Bimbo ucciso a bastonate dal patrigno, chiesto l'ergastolo anche per la madre

Il sostituto procuratore di Napoli ha chiesto l'ergastolo Valentina Casa, oltre che per Toni Essobti Badre, mamma e patrigno di Giuseppe, il bambino di 8 anni brutalmente ucciso nel 2019 a Cardito, in provincia di Napoli: "La scena del crimine era una vera e propria scena dell'orrore"

Ergastolo per Toni Essobti Badre e anche per Valentina Casa, la mamma di Giuseppe, il bambino di 8 anni ucciso a bastonate il 27 gennaio 2019, a Cardito, in provincia di Napoli. Un caso in cui "si è toccato il fondo della crudeltà umana", come sottolineato dal sostituto procuratore generale di Napoli Anna Grillo nel corso della sua requisitoria al termine della quale ha chiesto ai giudici della seconda sezione della Corte di Assise di Appello partenopea (presidente Alfonso Barbarano) di confermare la condanna all'ergastolo inflitta in primo grado per il patrigno e la mamma del piccolo.

Valentina venne ritenuta colpevole di gravi omissioni ma condannata a sei anni dalla Corte di Assise. Nel corso della discussione, durata oltre tre ore, il sostituto procuratore generale ha ripercorso la raccapricciante vicenda che ha visto protagonista il piccolo Giuseppe (che con un intervento precoce si sarebbe potuto salvare) e la sorellina, rispettivamente di 8 e 6 anni, picchiati selvaggiamente con un bastone da Toni, in preda agli effetti della marijuana.

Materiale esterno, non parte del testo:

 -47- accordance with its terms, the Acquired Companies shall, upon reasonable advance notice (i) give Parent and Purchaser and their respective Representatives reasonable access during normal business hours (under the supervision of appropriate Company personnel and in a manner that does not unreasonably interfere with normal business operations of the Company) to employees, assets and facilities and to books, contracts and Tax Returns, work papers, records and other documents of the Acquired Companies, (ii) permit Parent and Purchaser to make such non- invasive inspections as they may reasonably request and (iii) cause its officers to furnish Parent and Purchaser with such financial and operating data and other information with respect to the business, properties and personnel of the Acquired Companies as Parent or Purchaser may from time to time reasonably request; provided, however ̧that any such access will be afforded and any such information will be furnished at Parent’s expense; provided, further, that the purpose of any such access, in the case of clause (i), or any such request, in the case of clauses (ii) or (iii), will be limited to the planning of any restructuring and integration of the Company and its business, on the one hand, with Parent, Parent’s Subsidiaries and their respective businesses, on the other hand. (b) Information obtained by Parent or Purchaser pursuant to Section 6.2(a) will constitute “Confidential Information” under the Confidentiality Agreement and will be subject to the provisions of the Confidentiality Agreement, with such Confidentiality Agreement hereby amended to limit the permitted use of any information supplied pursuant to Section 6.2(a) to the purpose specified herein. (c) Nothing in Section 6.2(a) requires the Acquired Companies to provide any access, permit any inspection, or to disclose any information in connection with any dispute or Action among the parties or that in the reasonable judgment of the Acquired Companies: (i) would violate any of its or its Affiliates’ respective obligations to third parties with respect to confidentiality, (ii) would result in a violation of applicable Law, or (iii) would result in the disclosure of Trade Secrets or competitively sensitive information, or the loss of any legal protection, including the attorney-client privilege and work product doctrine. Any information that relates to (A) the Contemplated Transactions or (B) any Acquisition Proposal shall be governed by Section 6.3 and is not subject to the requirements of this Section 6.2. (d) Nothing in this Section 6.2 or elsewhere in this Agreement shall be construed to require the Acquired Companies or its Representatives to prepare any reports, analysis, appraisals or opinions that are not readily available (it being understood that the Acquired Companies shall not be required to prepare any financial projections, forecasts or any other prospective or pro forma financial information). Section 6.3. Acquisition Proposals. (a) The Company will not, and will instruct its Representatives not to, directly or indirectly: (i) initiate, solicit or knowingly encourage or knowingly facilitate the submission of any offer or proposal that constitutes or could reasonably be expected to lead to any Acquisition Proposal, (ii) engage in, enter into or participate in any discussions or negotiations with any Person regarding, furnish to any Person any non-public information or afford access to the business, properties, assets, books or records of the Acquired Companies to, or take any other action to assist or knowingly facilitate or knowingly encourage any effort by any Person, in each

Sono terribili i dettagli raccontati durante la requisitoria dal sostituto procuratore generale di Napoli: "La scena del crimine era una vera e propria scena dell'orrore... coloro che avevano perso tutto quel sangue erano due bambini di sei e otto anni... selvaggiamente picchiati per lungo tempo in tutte le maniere possibili e immaginabili". "Ciò che lascia senza parole - ha detto ancora il magistrato rivolgendosi ai giudici - è che ha usato (Toni, ndr) la sua violenza selvaggia persino in un tentativo di strangolamento...". "Su Essobti c'è poco da dire, la sua condotta è stata insistentemente, pervicacemente e crudelmente rivolta per fare del male in maniera incredibilmente feroce a questi due bambini, colpendoli su tutte le parti del corpo ma in particolare sulla testa".

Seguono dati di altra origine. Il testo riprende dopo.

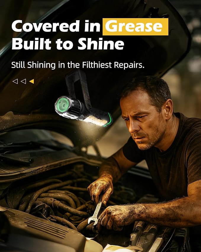 - 【Magnetic LED Worklight with 240° Rotating Bracket】The bracket rotates 240°, letting you direct the beam exactly where it’s needed. Perfect for hands-free lighting during engine inspections, garage projects, or when working in confined spaces. The sturdy support bracket features a built-in magnet at its base, allowing you to securely attach the work light to any metal surface—like a car hood or tool cabinet.
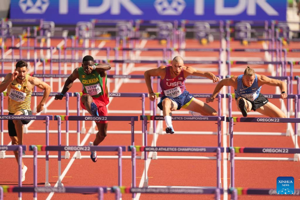 Tim Nowak of Germany, Lindon Victor of Grenada, Zachery Ziemek of the United States and Maicel Uibo of Estonia (L to R) compete during the 110m hurdles of the Decathlon event at the World Athletics Championships Oregon22 in Eugene, Oregon, the United States, July 24, 2022. (Xinhua/Wu Xiaoling)
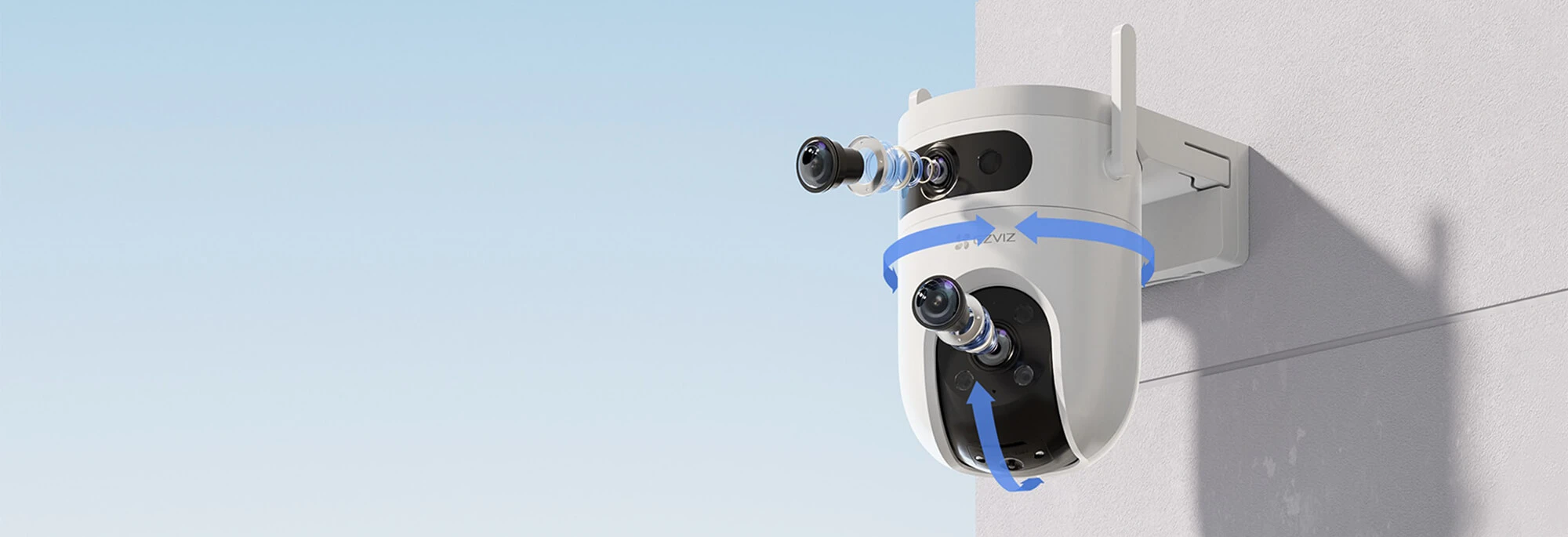 Dėl unikalios dvigubo objektyvo technologijos EZVIZ H9c užtikrina neprilygstamą apsaugą, kuri pranoksta profesionalumą. Joje naudojamas plačiakampio objektyvas, uždėtas ant pasukamo ir pakreipiamo teleobjektyvo - šis duetas veikia nepriklausomai arba kartu ir yra kur kas išmanesnis nei įprasta kamera.

Parole dure, quelle usate dal sostituto procuratore, nei confronti della donna: "Valentina avrebbe potuto e assolutamente dovuto, giuridicamente dovuto, evitare quelle conseguenze lesive, fare di tutto per interrompere l'attività criminale e invece ha assistito passivamente a questa terribile, oscena, mattanza dei suoi figli. Avrebbe potuto urlare, poteva frapporsi, assumere lei quella violenza che si scatenava sui suoi figli - ha detto ancora il magistrato, ricordando anche la tragica morte del piccolo Di Matteo, sciolto nell'acido dalla mafia - avrebbe potuto chiamare la polizia, i vicini, i familiari, urlare, anche soltanto per distogliere quell'essere che fatico a definire umano per interrompere la violenza su due bambini indifesi. Invece ha preferito la vita e l'esistenza dei suoi bimbi al rapporto con Essobti perché il figlio erano d'intralcio. Ed è assurdo che una mamma possa essere indifferente alla sofferenza dei suoi figli".